We applied a recently introduced information-theoretic approach to feature selection [10] in sensitivity analysis for optimization data. A strong conceptual and practical advantage of the proposed feature selection approach is its ability to account for interactions between variables when selecting features, such that the selection of redundant features is avoided while features that contribute information in a synergistic fashion together with other features are included. A further significant advantage of the used algorithm for the present application is the ability to automatically determine the number of relevant features by means of statistical testing, whereas for most established methods the number of features has to be fixed in advance.
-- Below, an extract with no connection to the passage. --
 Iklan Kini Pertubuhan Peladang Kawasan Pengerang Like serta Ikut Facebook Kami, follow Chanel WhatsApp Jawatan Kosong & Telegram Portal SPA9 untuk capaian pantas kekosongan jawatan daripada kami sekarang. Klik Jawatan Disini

Furthermore, we used the recently introduced partial information decomposition (PID) framework [17] to identify feature interactions.

We successfully applied the approach to four realistic aerodynamic optimization runs, where we showed that the feature sets identified by the proposed algorithm always provided a good trade-off solution with respect to feature set size and prediction performance. We showed that in most of the cases (14 out of 16) the selected feature set could be used to predict the optimization’s objective function with smaller error than using feature sets of the same size or smaller identified through existing approaches.
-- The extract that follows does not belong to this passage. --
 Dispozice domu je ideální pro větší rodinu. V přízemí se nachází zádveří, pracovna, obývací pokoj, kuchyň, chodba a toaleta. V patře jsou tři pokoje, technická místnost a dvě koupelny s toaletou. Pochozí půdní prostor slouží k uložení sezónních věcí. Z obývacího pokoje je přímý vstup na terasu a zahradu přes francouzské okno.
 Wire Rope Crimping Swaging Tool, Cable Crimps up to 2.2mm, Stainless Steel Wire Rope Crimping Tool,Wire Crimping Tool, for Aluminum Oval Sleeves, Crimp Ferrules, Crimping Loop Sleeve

Central to the proposed approach is its ability to identify feature sets while accounting for interactions between features and to identify synergistic interactions. This property is especially desirable in application domains where optimization parameters are expected to show interactive effects on the target function. Such an analysis was previously not possible using the MI or its extensions, for example, the interaction information [34], which was proposed for the analysis of interactions in design data in earlier studies (e.g., [1, 2]). However, it was shown that these measures are not able to disentangle redundant and synergistic contributions and that such a contribution required the axiomatic extension of classical information theory as was done in the PID framework [17] (see also [18]). Accordingly, the development of information-theoretic filtering methods accounting for interactions has not advanced in recent years such that the methods employed here, which often assume variable independence, are still a common approach (e.g., MRMR [35, 36]). We believe that this stagnation is partially due to the inherent lack in classical information theory to describe multivariate information contributions that has only become available with the introduction of PID [17, 10]. Hence, PID enables the information-theoretic quantification of interactions in design applications as defined in [6]: “a design interaction is defined as a unique dependency between design and objective parameters from which all dependencies of lower ordinality are removed”.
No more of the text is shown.